Des féministes dénoncent l’érotisation de la violence dans le porno classique. La pornographie féministe et ses alternatives réussissent-elles à redonner aux femmes leur pouvoir et à faire le poids dans une industrie résolument masculine? Des sexologues nous éclairent.
Julie Lavigne (J.L.), professeure au département de sexologie de l’UQAM et chercheuse, s’intéresse notamment à la représentation de la femme dans la pornographie féministe, lesbienne et queer. Mahault Albarracin (M.A.), CTO, PhD en informatique cognitique et sexologue, est l’une des cofondatrices de Sexualis, une plateforme web québécoise offrant un éventail de ressources en sexologie.
Qu’est-ce qui distingue la porno classique de la porno féministe?
J.L. : Les productions faites par et pour des femmes partent d’un désir de créer une pornographie qui leur ressemble, qui témoigne de leurs désirs et besoins. C’est une forme de réappropriation de cet espace typiquement masculin qui ne considère pas la femme comme une spectatrice plausible. La porno féministe a aussi un désir de travailler les normes politiques et sociales. Depuis une dizaine d’années, je remarque aussi que la notion de consentement à l’écran est plus marquée. Certaines productions donnent parfois accès à un making-of du film, qui donne une perspective de l’envers du décor où travaillent ces femmes.
M.A. : Je comparerais la pornographie mainstream à un gros bonbon très sucré. L’accent est mis sur quelques aspects de la sexualité seulement, alors que la pornographie féministe offre plusieurs saveurs. On a accès à des corps plus variés et à différentes façons de vivre sa sexualité.
Les femmes peuvent-elles s’émanciper à l’écran dans des productions XXX classiques?
M.A. : L’un des problèmes de la pornographie faite par et pour les hommes demeure l’objectivation de la femme. On mise sur des plans très rapprochés de son visage et de certaines parties de son corps. Traditionnellement, la sexualité véhiculée dans les médias tend à placer la femme dans un rôle plus passif (elle reçoit et sert au plaisir de l’autre) tandis que l’homme y tient un rôle actif (il domine et part à la conquête de son plaisir). À force de regarder beaucoup de ce type de porno, le consommateur peut en venir à oublier le « sujet » (la femme) derrière « l’objet » (le corps).
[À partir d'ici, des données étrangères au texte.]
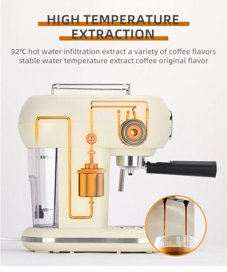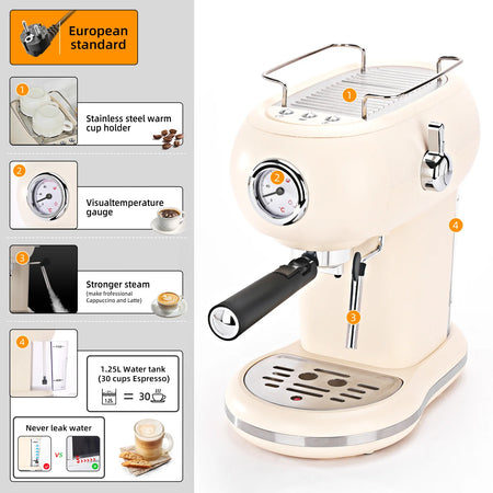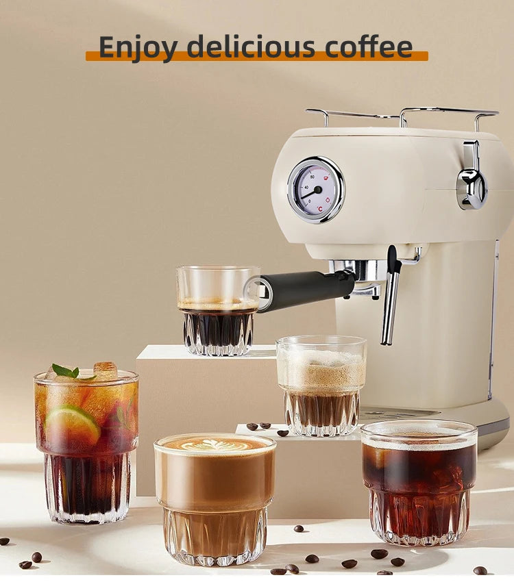 Seznamte se s kávovarem MCILPOOG 19 Bar Semi Automatic Espresso Machine With Steamer, kompaktním výrobníkem latte navrženým pro domácí baristy, kteří touží po kávě kvalitě kavárny, aniž by opustili kuchyni. V elegantním béžovém provedení tento stroj kombinuje 19-barový extrakční systém s vestavěnou parní tryskou, aby poskytl bohatou cremu a sametovou mléčnou pěnu. S 1,25l nádrží na vodu a schopností připravit více než 16 šálků na jedno naplnění je ideální pro rušná rána nebo malé shromáždění. Lehká plastová konstrukce usnadňuje manipulaci, zatímco jeho výkon 220-230V, >299W zajišťuje rychlé zahřátí a efektivní výkon. Tento poloautomatický přístroj vám dává kontrolu nad mletím, tampováním a texturou mléka pro skutečně personalizované espresso. Všechna elektronická a mechanická zařízení, přístroje a stroje prodávané společností InterCyprus do zemí EU jsou certifikována CE a mají dvouletou záruku. Poskytujeme kvalitní a důvěryhodné služby od roku 2002 na intercyprus.com.

Mais la porno mainstream présente aussi énormément de ce que l’on pourrait appeler des « hommes-pénis ». On ne voit que très rarement leur tête, pour que le spectateur masculin puisse s’identifier à l’action et la vivre par procuration. La caméra cadre surtout le torse et les organes génitaux. Ils ne sont pas très humanisés non plus, mais demeurent tout de même les personnages actifs du scénario.
L’érotisation de la violence est-elle aussi présente dans la porno féministe que classique?
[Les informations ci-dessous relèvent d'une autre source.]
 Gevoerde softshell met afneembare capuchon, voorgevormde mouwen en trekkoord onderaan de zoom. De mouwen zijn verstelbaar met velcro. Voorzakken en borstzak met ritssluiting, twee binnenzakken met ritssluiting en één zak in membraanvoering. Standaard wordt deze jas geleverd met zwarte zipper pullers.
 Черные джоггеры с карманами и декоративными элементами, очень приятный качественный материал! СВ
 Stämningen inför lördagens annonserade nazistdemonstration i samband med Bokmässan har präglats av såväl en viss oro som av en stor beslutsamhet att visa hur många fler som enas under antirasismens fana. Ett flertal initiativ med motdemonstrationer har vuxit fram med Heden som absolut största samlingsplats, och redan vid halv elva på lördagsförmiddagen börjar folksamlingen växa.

M.A. : Il n’y pas d’érotisation de la violence dans la porno féministe. On peut y voir des pratiques BDSM, mais celles-ci sont consensuelles. L’érotisation de la violence est complexe et doit être nuancée. Est-ce que le consommateur s’identifie à l’image dite violente dans son entièreté ou en partie? Est-ce qu’il l’extériorise? Si oui, comment? Quelque chose d’aussi doux que de se faire embrasser peut s’avérer violent si ce n’est pas désiré.
Malgré tout ce qu’on en dit, la porno classique continue d’être la plus regardée, tous sexes confondus. L’offre des productions « faites par des femmes pour des femmes » a-t-elle un impact dans l’industrie du divertissement pour adultes?
J.L. : Bien qu’il s’agisse d’un impact encore marginal, l’apport de la pornographie féministe s’avère incontournable pour démontrer la diversité du vécu sexuel des femmes. Mais sur le terrain, les productions féministes queer, lesbienne, indépendante, artistique et autres sont encore méconnues. Bien souvent, les gens ne savent même pas que ça existe. Encore à ce jour, ce type de production est majoritairement regardé par des femmes.